Talking Womenomics with Claire Shipman and Katty Kay

June 17, 2009 · Filed Under Feminism, women and work · Comments Off 

Cross posted from the new Families and Work Institute blog

Flexibility at work “isn’t like a favor you hand out at a children’s birthday party.” It’s good for business and good for people.

“For the past 30 years [women] were happy to sit quietly at the boardroom table and that’s changed: the boardroom table has to change. We think that can finally happen now.”

These were the key messages shared by Katty Kay and Claire Shipman, who together have written Womenomics. It’s no. 10 on the New York Times Bestseller list, so it’s clearly resonating. Shipman and Kay spent 90 minutes with Families and Work Institute staff and Corporate Leadership Council members.

Born of a friendship—they talk about “whispering in corners at cocktail parties in Washington” about their desire to manage work and family—both Shipman and Kay note they have other priorities other than a “climb up the ladder,” although they certainly excel in their work. They wanted successful careers but they also wanted time for family. And so they negotiated with their own employers. I was so surprised to hear that Claire Shipman, a famous new anchor, accepted a pay cut to work fewer hours! In their new book, they share personal lessons, results from research (including the FWI National Study of the Changing Workforce and interviews with Ellen Galinsky) and interviews with corporate leaders and employees.

Kay and Shipman stress that their approach is good for men, too, but that it’s vital for women. Depressed by the “opt out revolution” argument, the authors embrace the controversial notion that women work and manage differently: and that’s a good thing. Women, they say, have somewhat different values of what women want at work. Claire Shipman: “We are willing to say no to things in a way that men (at least of our generation) are not. And we’re saying that the workplace is changing to fit that.” She continued, “The case we’re trying to make with Womenomics is that women have so much more power in the workplace than they even understand.” We can use this power to help ourselves, and companies. Research shows that the more senior level women in the company, the more money the company makes.

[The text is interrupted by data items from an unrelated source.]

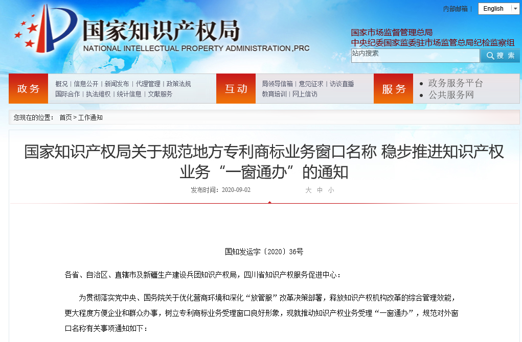 国家知识产权局关于规范地方专利商标业务窗口名称 稳步推进知识产权业务“一窗通办”的通知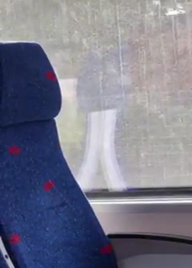 The view from the window of a moving train shows an outside scene, with a blue seat with red markings in the foreground.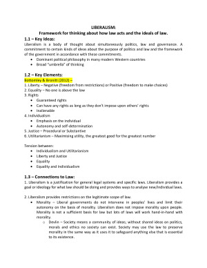 Detailed lecture notes covering all content including: Liberalism Violence Relationships Lawyers Courtrooms Judges Lobbying Law Reform Commissions Technology Globalisation Disobeying Law Accessing Justice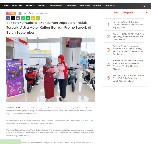 Berikan Kemudahan Konsumen Dapatkan Produk Terbaik, Astra Motor Kalbar Berikan Promo Superb di Bulan September by masmul 15 September 2025 in Silahkan kunjungi https://www.suarapemredkalbar.com/read/potret/15092025/berikan-kemudahan-konsumen-dapatkan-produk-terbaik-astra-motor-kalbar-berikan-promo-superb-di-bulan-september. You Might Like Regional Public Launching New ADV160 The SUV Pride Grand Launching New PCX 160 Truly Exceptional! Tetap hati-hati ya bro sist berkendara saat hujan.
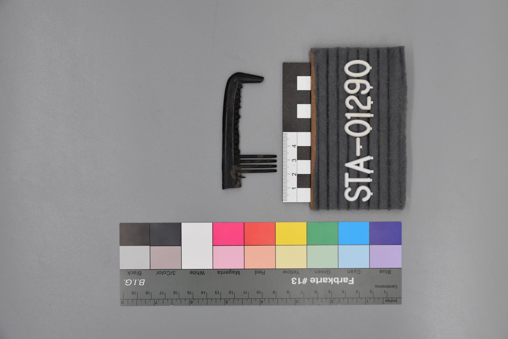 Der rechteckige schwarze Kamm besitzt nur mehr ein Ende, dass dicker ist als die noch erhaltenen vier Kammzacken.

Kay noted they encountered some skepticism from older women- the pioneers who’d “had to put their heads down and work.” Some of these women felt:

“you’re telling women not to aim high, to just opt out. But we came to a different conclusion: this is real feminism. If we can create a work world where women’s needs are genuinely met rather than a world where women are trying to be men, that’s real power. We empower workers, and empower families, it doesn’t need to be seen as non-feminist.…We’re not saying people don’t want to work; they just want to control the hours they have to be in the office.”